16829

Multiagent Reinforcement Learning: Rollout and Policy Iteration

APA

(2020). Multiagent Reinforcement Learning: Rollout and Policy Iteration. The Simons Institute for the Theory of Computing. https://simons.berkeley.edu/talks/tbd-248

MLA

Multiagent Reinforcement Learning: Rollout and Policy Iteration. The Simons Institute for the Theory of Computing, Dec. 03, 2020, https://simons.berkeley.edu/talks/tbd-248

BibTex

          @misc{ scivideos_16829,
            doi = {},
            url = {https://simons.berkeley.edu/talks/tbd-248},
            author = {},
            keywords = {},
            language = {en},
            title = {Multiagent Reinforcement Learning: Rollout and Policy Iteration},
            publisher = {The Simons Institute for the Theory of Computing},
            year = {2020},
            month = {dec},
            note = {16829 see, \url{https://scivideos.org/index.php/Simons-Institute/16829}}
          }
          
Dimitri Bertsekas (ASU & MIT)
Talk number16829
Source RepositorySimons Institute

Abstract

We discuss the solution of multistage decision problems using methods that are based on the idea of policy iteration (PI for short), i.e., start from some base policy and generate an improved policy.
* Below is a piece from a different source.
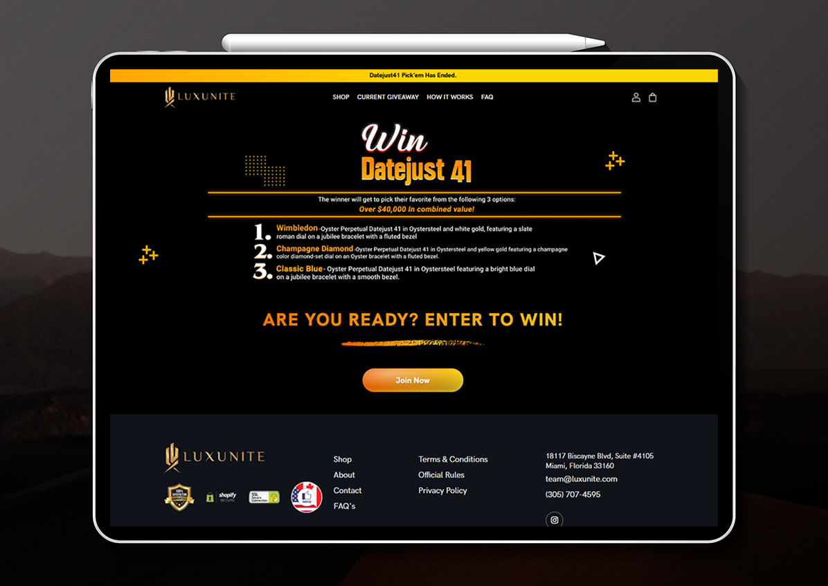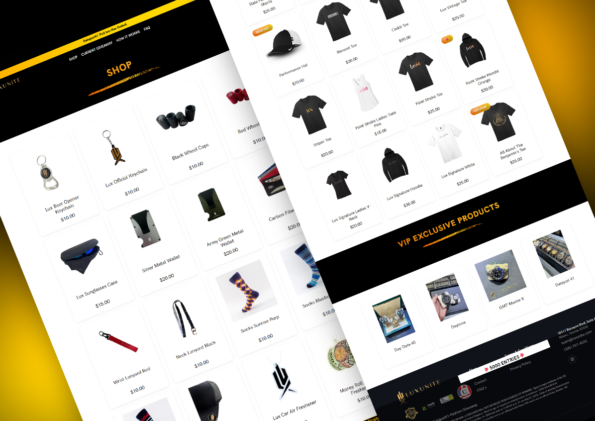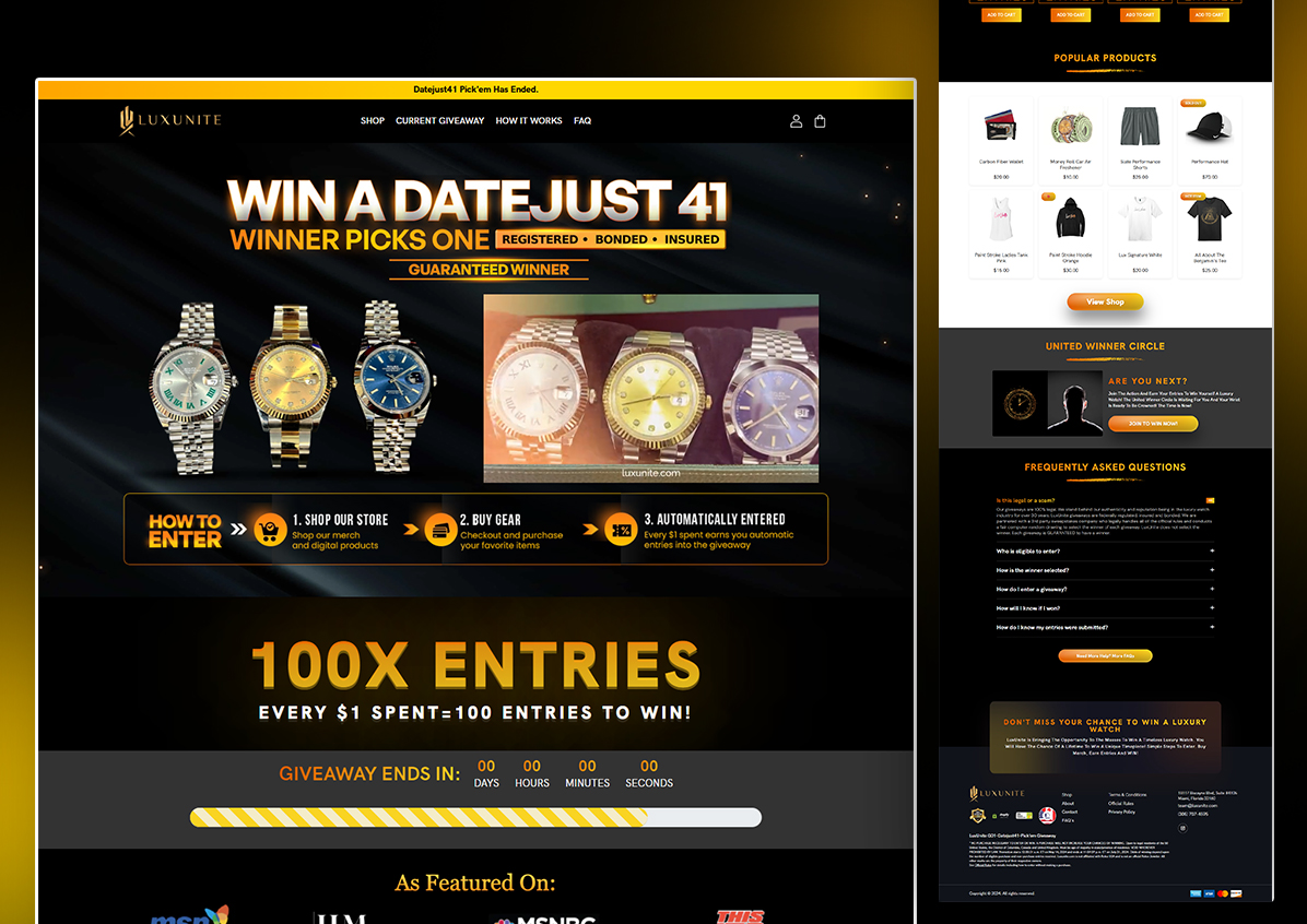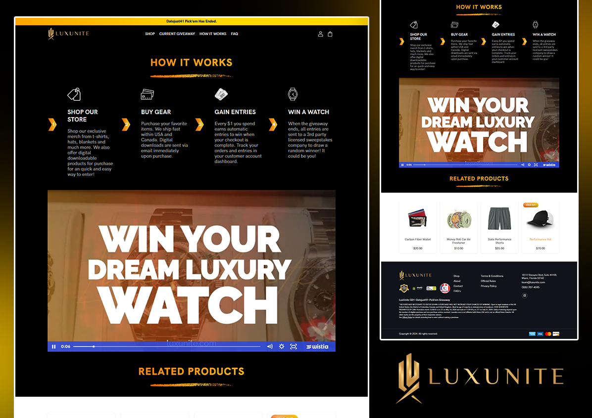 LuxUnite is a high-end product brand offering luxury items through exclusive giveaway campaigns. Customers buy premium products — and with each purchase, they receive free tickets for a chance to win cash or luxury gifts in scheduled raffle draws.

Rollout is the simplest method of this type, where just one improved policy is generated. We can view PI as repeated application of rollout, where the rollout policy at each iteration serves as the base policy for the next iteration. In contrast with PI, rollout can be applied on-line and is suitable for on-line replanning. Moreover, rollout can use as base policy one of the policies produced by PI, thereby improving on that policy. This is the type of scheme underlying the prominently successful AlphaZero chess program. In this paper we focus on rollout and PI-like methods for multiagent problems, where the control consists of multiple components each selected (conceptually) by a separate agent. We discuss an approach, whereby at every stage, the agents sequentially (one-at-a-time) execute a local rollout algorithm that uses a base policy, together with some coordinating information from the other agents. The amount of total computation required at every stage grows linearly with the number of agents. By contrast, in the standard rollout algorithm, the amount of total computation grows exponentially with the number of agents. Despite the dramatic reduction in required computation, we show that our multiagent rollout algorithm has the fundamental cost improvement property of standard rollout: it guarantees an improved performance relative to the base policy.  We first develop our agent-by-agent policy improvement approach  for finite horizon problems, and then we extend it to exact and approximate PI for discounted and other infinite horizon problems. We prove that the cost improvement property steers the algorithm towards convergence to an agent-by-agent optimal policy, thus establishing a connection with the theory of teams. We also discuss autonomous multiagent rollout schemes that allow the agents to make decisions autonomously through the use of precomputed signaling information, which  is sufficient to maintain the cost improvement property, without any on-line coordination of control selection between the agents.